MA-INF 4335 Lab AI Alignment

Content

Through tutorials and a final project, you will gain hands-on experience in AI alignment techniques and have this chance to apply this knowledge to various interesting projects. Students will collaborate in small teams (a group of 3-4 students) and implement small research projects over the course of the term, advised by a researcher from the
CAISA lab. Students will learn to reproduce important results from the field, study the scientific literature, generate and implement their own research ideas, and present their results as a presentation and as a paper.

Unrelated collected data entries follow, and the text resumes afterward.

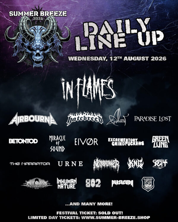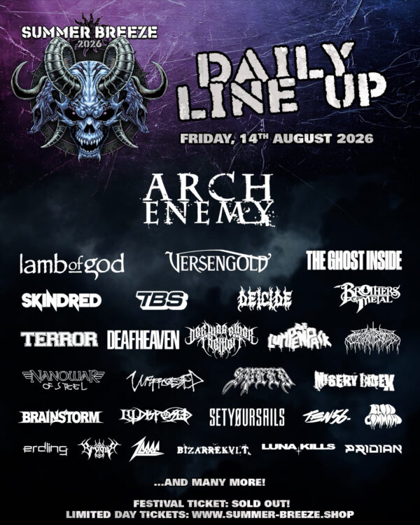 ARCH ENEMY, LAMB OF GOD, VERSENGOLD, THE GHOST INSIDE, SKINDRED, THE BUTCHER SISTERS, DEICIDE, BROTHERS OF METAL, TERROR, DEAFHEAVEN, DER WEG EINER FREIHEIT, DAS LUMPENPACK, WOLVES IN THE THRONE ROOM, NANOWAR OF STEEL, UNPROCESSED, SPEED, MISERY INDEX, BRAINSTORM, ILLDISPOSED, SETYØURSAILS, TEN56., BLOOD COMMAND, ERDLING, BRYMIR, ZERRE, BIZARREKULT, LUNA KILLS, PRIDIAN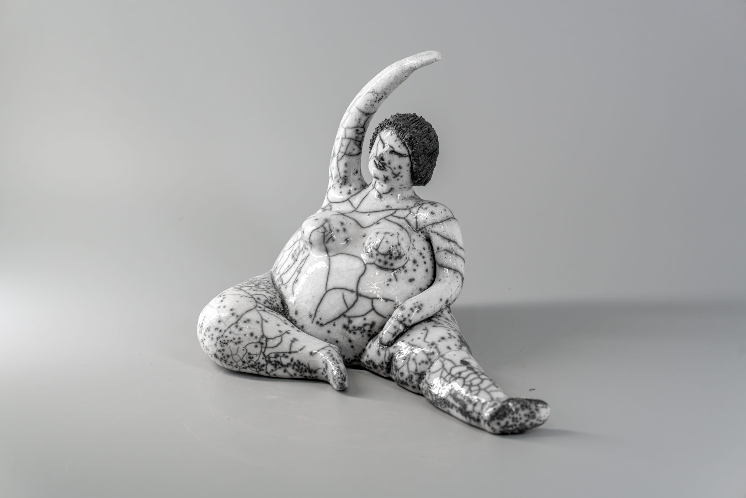 Sculpture d’une femme assise dans une posture zen, réalisée en céramique Raku, révèle des formes généreuses et simplifiées qui dégagent une grande sérénité. Sa forme épuré et sa finition unique en font une pièce idéale pour sublimer tout espace personnalisé, apportant une touche d’équilibre et de calme, dimension H 14 cm x L 11 cm x P 14 cm.
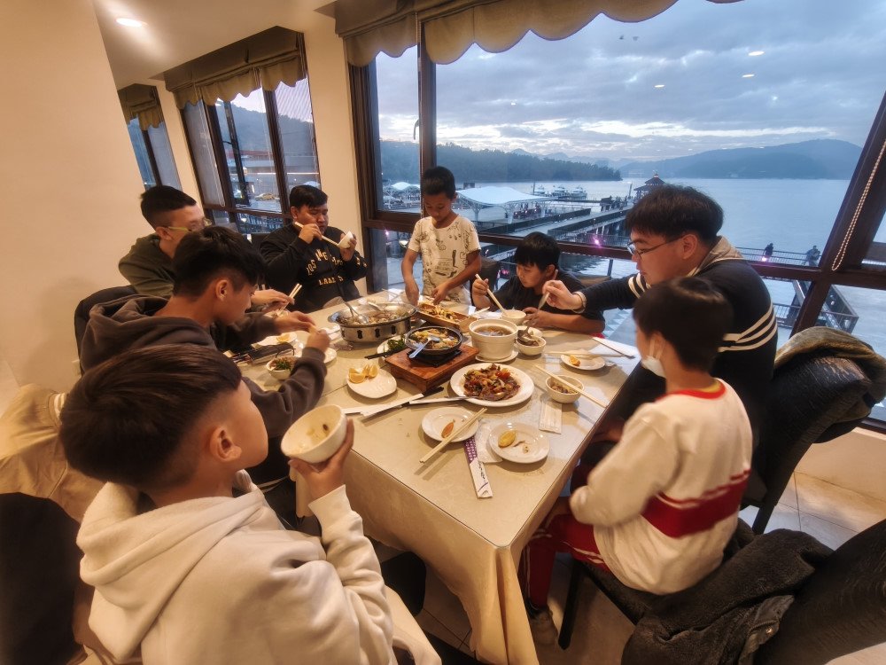 住宿也是弱勢學生難得的體驗,簡單的背包客棧竟是學生口中的高級套房,晚餐承蒙明月湖旅店的打折招待,讓學生在湖景第一排吃高級桌餐,辛苦的健走加上美味的菜餚,大家不但把所有的菜都掃空,每桌都還加了兩次白飯。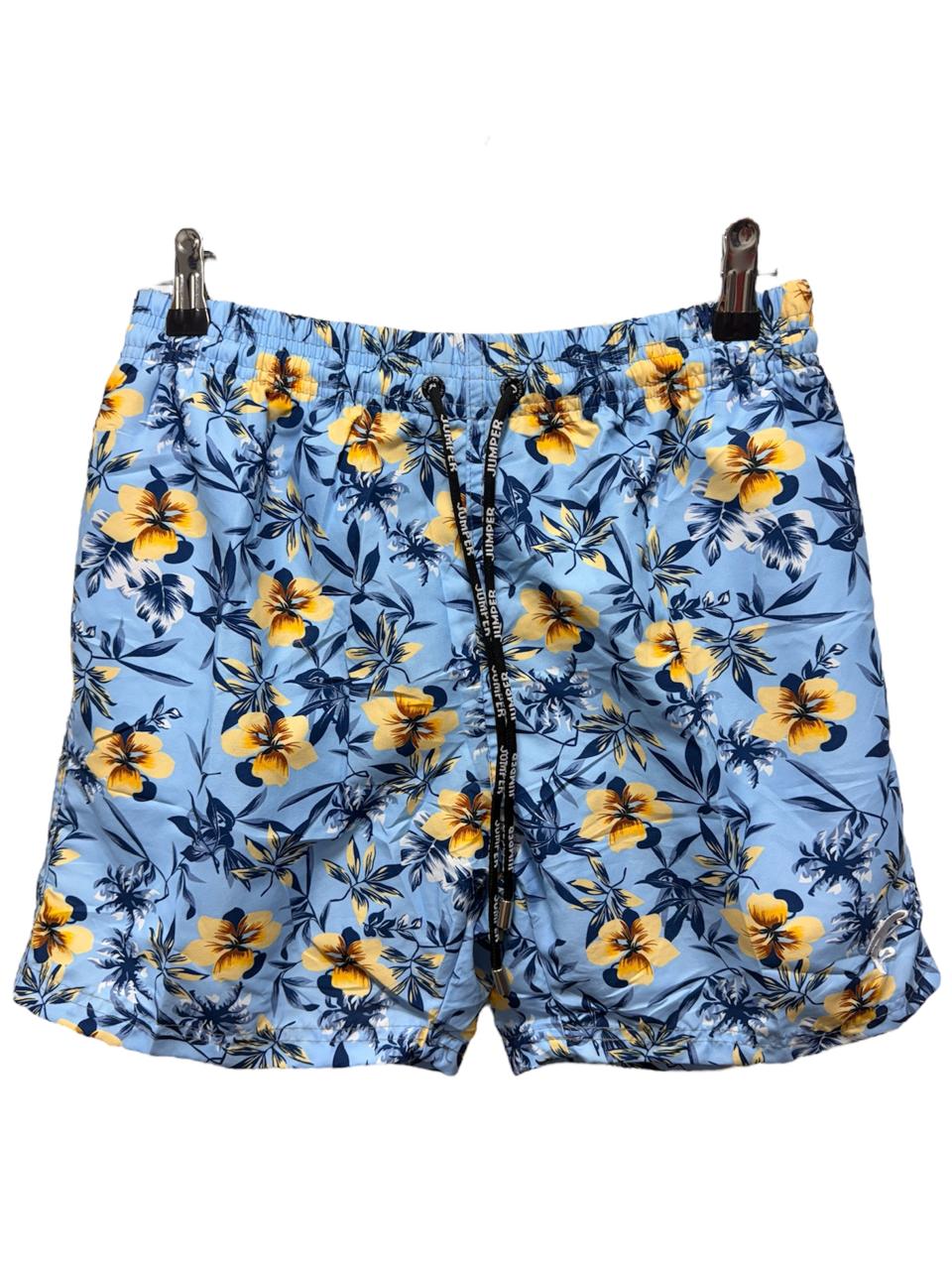 Pantaloneta para hombre con base azul claro y estampado de flores amarillas y hojas azules.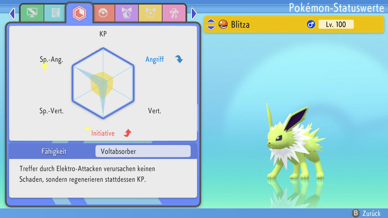 Das Pokemon ist mit beeindruckenden 6×31 IV-Werten ausgestattet. Das bedeutet, dass es auf allen sechs Werten (KP, Ang., Sp-Ang., Vert., Sp-Vert., Init.) die maximalen 31 IV/DV-Punkte besitzt. Dein Pokemon startet somit mit herausragender Stärke in digitale Kämpfe.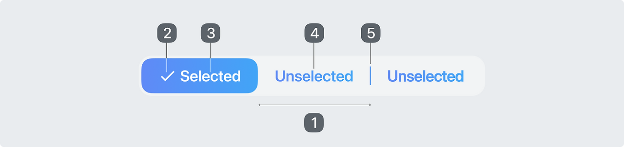레이블 텍스트는 짧고 간결해야 합니다. 텍스트가 세그먼트에 비해 너무 길다면 아이콘만 사용하는 것을 고려할 수 있습니다.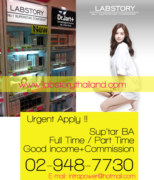 รับสมัคร Sup'tar BA (ผู้แนะนำผลิตภัณฑ์และขาย) LABSTORY ประจำห้างวัตสัน นอกเวลา/งานประจำ พื้นที่เขต ก.ท.ม ด่วน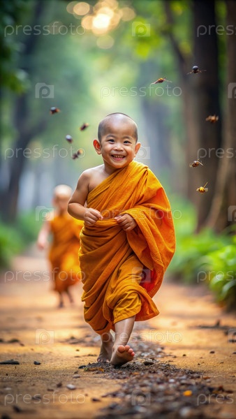 Веселый молодой монах, бегущий по лесной тропе

As AI systems such as Large Language Models become increasingly capable and start to be used in high-stakes scenarios, ensuring that they act safely is gaining importance. The research field of AI alignment studies methods to align the behavior and values of AI systems with the user and broader society in a robust, scalable, and interpretable way. The aim of this course is to explore cutting-edge research, insights, and trends in the field of AI alignment.

Schedule

• Week 0: Organization meeting
• Week 1-5: Lectures and programming exercises
• Week 6: Presentation of project ideas
• Week 12: midterm presentation of results
• Final presentation
• Student paper
Concrete research topics are 1) value alignment, 2) emergent misalignment, 3) scalable oversight, and 4) mechanistic
interpretability, among others.

Prerequisites

One of the following courses is recommended:
• MA-INF 4115 - Introduction to Natural Language Processing,
• MA-INF 4235 - Reinforcement Learning,
• MA-INF 4204 - Technical Neural Nets.

Seminar work

Oral presentation, written report 

Literature

• Hendrycks, Dan: Introduction to AI Safety, Ethics, and Society.
• Ouyang, Long et al.: Training language models to follow instructions with human feedback.
• Bowman, Sam et al.: Measuring Progress on Scalable Oversight for Large Language Models.
• Li, Nathaniel et al.: Measuring and Reducing Malicious Use With Unlearning.
• Bricken, Trenton et al.: Towards monosemanticity: Decomposing language models with dictionary learning.